On ne peut retrouver la signification de cette tour-lanterne de deux étages qu'en considérant la liturgie pascale du 12e siècle qu'on suivait dans une abbaye dédiée au Sauveur depuis sa fondation jusqu'en 1317.La tour-lanterne serait une interprétation du dôme du Saint-Sépulcre de Jérusalem tel qu'il était représenté depuis le 4e siècle : une tour circulaire, avec une porte au premier niveau donnant accès au Tombeau du Christ, et un second niveau coiffé d'un baldaquin à 12 colonnes. Le jour de Pâques, les moines y venaient en procession pour accomplir la liturgie de la « visite au Tombeau ». Les moines pouvaient alors s'asseoir sur le banc en exèdre pour méditer sur la Résurrection.

Nous errons à travers les rues du vieux Sarlat, jusqu'au Présidial.
Le Présidial fondé par Henri II, est l'ancien siège de la justice royale à Sarlat. Sa première existence est éphémère1. Rétabli en 1641 ,  il est utilisé comme tribunal jusqu'en 1789;





Le bâtiment est aujourd'hui occupé par un restaurant gastronomique qui vient d’être repris mais dont notre hôtesse n'a aucun retour. Le cadre est superbe. La nuit va tomber et nous rentrons à notre hôtel en escaladant la cote. Nuit très douce et très beau petit déjeuner au bord de la piscine, yaourt maison, gâteau, fromage, jambon. Cet hôtel est très agréable. Nous descendons jusqu'au marché qui occupe la place de la Liberté. Le marché est superbe, le foie gras, les magrets fumés, les gésiers et les cœurs, une poissonnerie superbe, les fraises du Périgard, les noix de Dordogne ( les fraises ce matin était délicieuses, très colorées à l'intérieur et goûteuse, les fromagers, les primeurs. Les marchands ne sont pas en costume d'époque mais on peut penser qu'à la Renaissance le marché à Sarlat était  sensiblement le même.

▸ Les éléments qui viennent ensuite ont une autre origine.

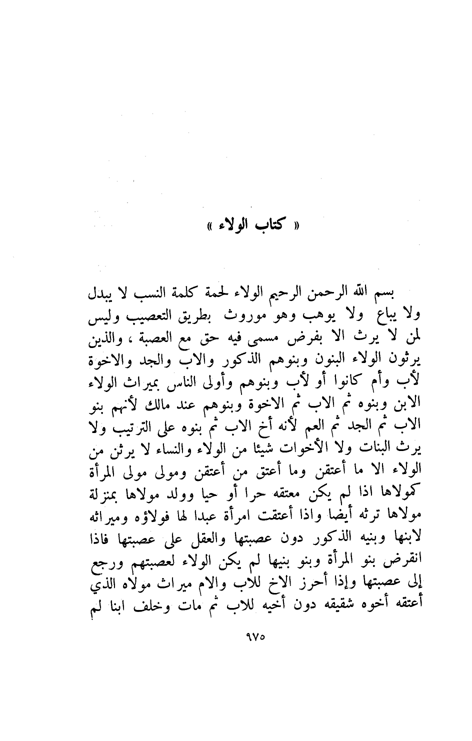 الولاء لحمة كلمة النسب لا يبدل ولا يباع ولا يوهب وهو موروث بطريق التعصيب وليس لمن لا يرث الا بفرض مسمى فيه حق مع العصبه والذين يرثون الولاء البنون وبنوهم الذكور والاب والجد والاخوة لاب وأم كانوا أو لأب وبنوهم وأولي الناس بميراث الولاء الابن وبنوه ثم الاب ثم الاخوة وبنوهم عند مالك لانهم بنو الاب ثم الجد ثم العم لانه اخ الاب ثم بنوه على الترتيب ولا يرث البنات ولا الاخوات شيئا من الولاء والنساء لا يرثن من الولاء الا ما اعتقن وما اعتق من اعتقن ومولى مولى المرأه كمولاها اذا لم يكن معتقه حرا أو حيا وولد مولاها بمنزلة مولاها ترثه أيضا واذا اعتقت امرأة عبدا لها فولاؤه وميراثه لابنها وبنيه الذكور دون عصبتها والعقل على عصبتها فإذا انقرض بنو المرأه وبنو بنيها لم يكن الولاء لعصبتهم ورجع الى عصبتها واذا احرز الاخ للاب والام ميراث مولاه الذي اعتقه أخوه شقيقه دون أخيه للاب ثم مات وخلف ابنا لم

Le marché est grouillant, les commerçants interpellent le chaland. Je discute longuement de la grippe aviaire qui inquiète les éleveurs de canards avec un agriculteur de Saint Crépin et Carlucet, la ferme des Roumévies où nous nous arrêterons au retour. Ce sont des éleveurs de canard de Barbarie installés depuis plusieurs générations et multi-primés au Concours National Agricole. Nous entrons dans l'ancienne église Sainte Marie, rénovée par Jean Nouvel. C'est la Mecque des produits de terroir de qualité, beaucoup de champignons, séchés en ce moment et des commerçants honnêtes qui conviennent que les morilles coniques ne sont pas régionales mais viennent des forets canadiennes.

Jean Nouvel a caché l'ascenseur panoramique dans la tour du clocher de Sainte Marie. Nous montons avec le liftier conférencier, très sympathique et athlétique qui nous explique l'histoire de Sarlat, les jésuites qui l'ont enseigné avec beaucoup d'autres comme Mitterand. Vision à 360° sur les toits de lauzes, les monuments, les rues pavées, le marché, les collines boisées, et les plantations de noyers.

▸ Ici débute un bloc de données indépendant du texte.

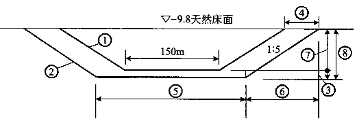 11.某航道局承担了3万t级航道疏浚工程,用一艘4500m 耙吸船施工。航道设计底标高-12.0m,天然床面标高-9.8m,设计底宽150m,底质为淤泥质土,边坡1:5,计算超深0.7m,计算超宽9m,疏浚工程量计算断面如图所示。设计疏浚工程量为3178157m (施工期回淤很少,不计),开工前,施工单位按浚前测量的水深图自行计算,并经监理确认的疏浚工程量为3200876m ,疏浚土全部抛到外海指定抛泥区,平均运距16.8km。耙吸船施工参数如下:平均航速8.6节,往返航行时间2.1h,调头卸泥时间0.35h,挖泥装船时间1.2h,装舱量2200m ,三班作业,时间利用率75%![]() 问题: (1)指出疏浚工程量计算断面示意图中①、②的含义和③~⑧项的数值。 (2)列出耙吸船在本工程中的施工工艺流程。 (3)本工程用于计量的疏浚土工程量应为多少?说明理由。该工程量由几部分组成? (4)计算该耙吸船可完成的日疏浚工程量,和完成工程的预期作业天数。(各题涉及计算的,要求列出算式及步骤) |

Ce soir, nous dînons au domaine de la Meynardie 

https://www.lemounard.com/2022/05/dordogne-sarladais-adrien-soro-la.html

donc nous resterons frugaux à midi, du bon pain, un excellent foie gras à la brasserie Costa sur la place de la Liberté sur la terrasse de façon a profiter de l'agitation du marché. Accueil très sympathique par le patron, clientèle de touristes et d'habitués et service efficace et d'une grande courtoisie.